Warren stared at the girl on the desk, who was lowering a bikini strap while lifting her shoulder seductively. The picture — he now noticed — seemed to have been snipped from a magazine. “To be honest, yes, I’m having some trouble.”
Ted nodded. “Is this a temporary matter? Or something… heavy-dutier?”
Warren could see that he wanted to fire him and was searching for a way to do it that would somehow preserve the image he’d cultivated as an inspiring guy who coined fun words. He was hoping the deed would somehow accomplish itself. Warren’s only chance was to put him in a position where the deed and the image remained at odds. He told him about Dustin’s accident, sick inside that he was using it as a guilt card — how his son refused to get out of bed some days or do the exercises that would keep his scars from contracting. They were thinking of sending him to a psychiatrist, but it wasn’t covered under their insurance. In fact, they were still saddled with debt from Auburn Fields. The only reason the land hadn’t been foreclosed yet was that it was worthless; no developer in their right mind would bid on it, given its proximity to the dump. When he finished, Ted seemed fidgety and uncomfortable, as though Warren had confessed to cheating on his wife.
“Wow,” he said, shaking his head. “Well. That’s a tragic thing, no doubt, but I’ve got a team to coach here, and if it’s the first game of the season, which let’s just suppose it is, you don’t put in the cornerback whose mind isn’t on the game. You put in the best tackler.”
“Give me a week,” Warren said, pleading. “I’ll be the top seller.”
On the way home, Warren tried to imagine how he would do this. He would have to be hardhearted and relentless. On Monday, he would show up at the Glazes’, his first appointment, and refuse to leave until he’d sold everything in his case. He would exude positivity. If he had to use Dustin as blackmail, so be it. He’d tell the story of seeing his son in the warm room at the hospital for the first time, his head blown up like a pumpkin. He was still wearing the remains of his shirt, tatters of blackened cloth.

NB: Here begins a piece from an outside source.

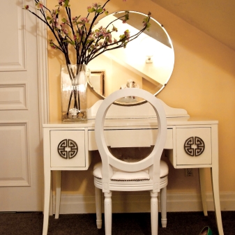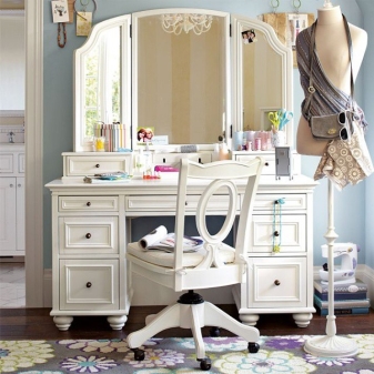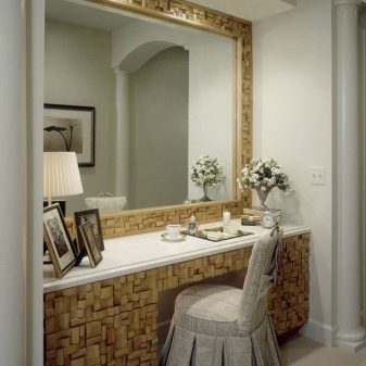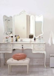 نقطة مهمة – المعدات. كما هو مذكور أعلاه ، يتم بيع الكراسي والوسائد المصنوعة بنفس طراز القاعدة جنبًا إلى جنب مع منضدة الزينة. يوصى بإعطاء الأفضلية لمثل هذه الخيارات فقط ، حيث ستبدو متناغمة في الداخل..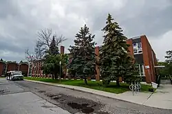 ![]() St. Basil-the-Great College School in March 2024. It was built in the former Southam newspaper plant in 1999. | |

His bandaged hand was large as a baseball mitt. The nurse began to dress his arm, sweating under the gigantic heat lamps pushed up to the bed, and Warren was surprised that they’d bandage him without taking his shirt off. Then it dawned on him that it was Dustin’s skin he was seeing, hanging like a shredded sleeve down one arm. Warren stepped back. The boy sat up suddenly and reached toward him, red and gleaming and monstrous, his voice too garbled — too animal — to understand.